After recently finishing J.R.R. Tolkien’s The Hobbit, I wanted to dive further into Tolkien’s world by trying my hand at text mining the book in R. Without any previous text mining experience or goals for the project, I decided to do what any reasonable person would do and I looked to the internet for help. After reading a text mining with R e-book, this R-Bloggers Metallica lyric analysis post, and this Data Camp text mining blog post, I had some idea of what I wanted to do. I think in the end the analysis went well enough, if not a little bit long, but you be the judge.
This text project is broken into three parts – a traditional word frequency analysis, a character analysis, and a sentiment analysis. Here is the copy of the hobbit that I’m using if you want to follow along. Without further ado – here’s hobbits.
Load Libraries
library('tidyverse') # used for EVERYTHING
library('stringr') # used for string (text) manipulation
library('tidytext') # used for text mining
library('wordcloud') # used for creating cool text visualizations
Load Data
the_hobbit <- as.tibble(read_file("input/hobbit_body.txt"))
Tidy Data
tidy_hobbit <- the_hobbit %>% # copy the_hobbit text into tidy_hobbit
unnest_tokens(word, value) %>% # each word is given a cell in tibble
anti_join(stop_words) # take out meaningless words like a, to, and it
View Data
head(the_hobbit)
## # A tibble: 1 x 1
## value
## <chr>
## 1 "Chapter I \r\rAN UNEXPECTED PARTY \r\rIn a hole in the ground there li…
head(tidy_hobbit)
## # A tibble: 6 x 1
## word
## <chr>
## 1 chapter
## 2 unexpected
## 3 party
## 4 hole
## 5 ground
## 6 lived
A quick note: I cleaned up the hobbit text to start at Chapter 1 and end the finish of the last chapter before I saved it as an input file. head(the_hobbit) reveals a 1x1 table with the entire novel stored as a single string in the tibble. This formatting has some uses so I’ll keep a copy of it, but the transformed text, tidy_hobbit is even more useful.
tidy_hobbit has cut out some words - in, a, in, the, there, and so on. That’s the anti_join(stop_words) at work. anti_join( ) is a dplyr function loaded from the tidyverse, it’s job is to return all rows from x where there are not matching values in y. In this case x is the_hobbit, y is stop_words, a tibble from the tidytext library.
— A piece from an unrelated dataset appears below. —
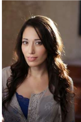
Gambar 29. Kicker / Rim Light

Kicker Ketika cahaya berada di belakang subjek tetapi tidak persis berlawanan dengan lensa kamera, sering disebut kicker atau rimlight , menyoroti tepi rambut, bahu, dan kadang-kadang tulang rahang. (Christopher 2009:89)

Also notice that now each word has it’s own row in the tibble, pretty tidy.
Word Frequency
How many words are in The Hobbit?
str_count(the_hobbit, " ") + 1
## [1] 95874
How many sentences?
str_count(the_hobbit, "[.!?]")
## [1] 5967
How long should the book take to read?
((str_count(the_hobbit, " ") + 1) / 200) / 60 # number of words / 200 words-per-minute / 60 minutes
## [1] 7.9895
Frequency Plot
What are the most common meaningful words in The Hobbit? To find out, let’s create a frequency plot. These graphs that illustrate counts of various categories are some of my favorite to create.
tidy_hobbit %>%
count(word, sort = TRUE) %>% # count words
filter(n > 80) %>% # only show words that have been used 80+ times
mutate(word = reorder(word, n)) %>% # sorts words by decending occurance
ggplot(aes(word, n)) + # plot the words vs number of occurances
geom_col(fill = "darkslateblue") + # blue bars
xlab("Word") + # labels
ylab("Number of Occurances") +
labs(title = "Most Common Meaningful Words in 'The Hobbit'") +
coord_flip() + # sideways box-plot for aestetic purposes
theme_minimal()
The most common words in The Hobbit are Bilbo, dwarves, Thorin, time, and Gandalf. The only non-character word is time, but I bet the word time is common enough in most novels. I’m surprised to see the word “don’t” on the list, I thought it was classified as a stop word. There isn’t much to be surprised about on this list if you’ve read the book, and If you haven’t read the book, the list gives you a pretty good idea of what to expect!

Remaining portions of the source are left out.